What Is Predictive Analytics and Why Is It Important?

What Is Predictive Analytics and Why Is It Important?

What Is Predictive Analytics and Why Is It Important?

Exploring data helps us understand our world. Why something happened, how things are trending, and what constitutes a meaningful change.

Now, we have a vast set of tools in our data analysis toolbox. We can not only examine what happened in the past, but we can also predict what might happen in the future using predictive analytics.

Predictive analytics is a powerful tool that can help us accelerate the path to healthcare value, ultimately reducing healthcare costs while improving patient care.
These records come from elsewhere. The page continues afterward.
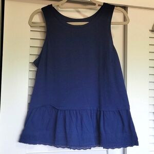 Gently used condition vintage Women's Large Grey slub material tee/tank. Cute ruffle details at shoulder. Dark grey tee material. Cute for a casual day out and about with a cardigan or utility jacket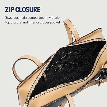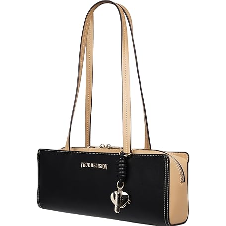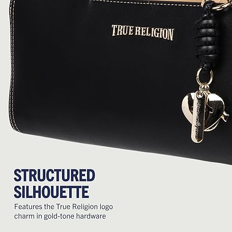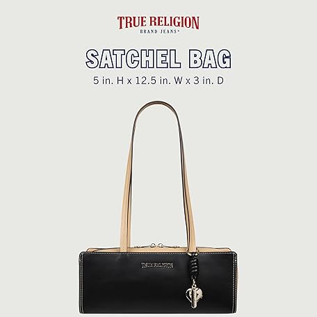Thông tin sản phẩm True Religion Satchel Bag, East/West Modern Structured Purse with Dual Shoulder Straps, Logo Charm and Gold Hardware, Camel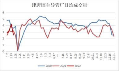 焊鍍管廠冬儲(chǔ)水平偏低。據(jù)網(wǎng)調(diào)研,截至1月21日,天津唐山邯鄲主流管廠廠內(nèi)總體庫(kù)存67.82萬噸,比上月同期降1.45萬噸,下降2.09%;比去年農(nóng)歷同期降11.63萬噸,下降14.64%。廠內(nèi)原料帶鋼庫(kù)存24.55萬噸,比上月同期降7.11萬噸,比去年農(nóng)歷同期降7.32萬噸;焊管庫(kù)存15.47萬噸,比上月同期增0.31萬噸,比去年農(nóng)歷同期降1.84萬噸;鍍鋅管庫(kù)存27.8萬噸,比上月同期增5.35萬噸,比去年農(nóng)歷同期降2.47萬噸。1月中旬左右因冬奧會(huì)管控供應(yīng)階段偏緊預(yù)期出現(xiàn),但市場(chǎng)普遍對(duì)2月行情回暖高度及周期看法謹(jǐn)慎,加工類及協(xié)議貿(mào)易商多理性冬儲(chǔ),整體庫(kù)存控制在15-20天銷量左右,部分地區(qū)受工程回款及疫情影響較大,庫(kù)存偏低。1月20-25日北方管廠陸續(xù)停產(chǎn)放假,在產(chǎn)產(chǎn)能利用率下降至62.55%;南方部分管廠接年后訂單幾千噸至萬噸左右,產(chǎn)線在28日-29日左右停工,原料儲(chǔ)備至2月用量(見圖4)。

Read on for an introduction to predictive analytics in healthcare, including the uses, benefits, value, and potential future of predictive analytics.

In this post we will cover:

  • What Is Predictive Analytics in Healthcare?
  • What Is the Role of Predictive Analytics?
  • What Are Use Cases of Predictive Analytics in Healthcare?
  • What Is the Value of Predictive Analytics?
  • What Is the Future of Predictive Analytics?
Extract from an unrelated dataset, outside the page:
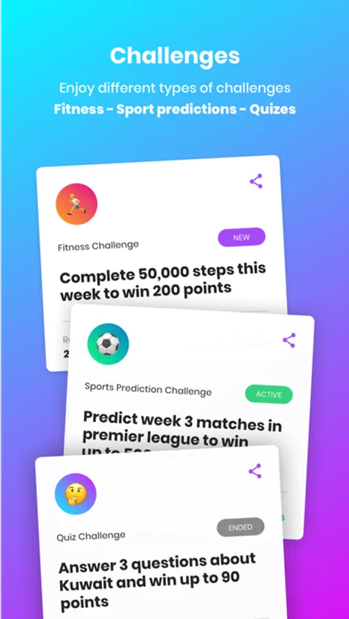 • Join a variety of Challenge from Football predictions, Quizzes and Exclusives to earn points for free.

What Is Predictive Analytics in Healthcare?

Predictive analytics answers the question: what is likely to happen next?

Using modeling and forecasting techniques, predictive analytics helps determine what has a high probability of occurring in the future. Physicians, researchers, medical specialty societies, pharmaceutical companies, and every other healthcare stakeholder can then use those predictions to provide the best possible care for individual patients.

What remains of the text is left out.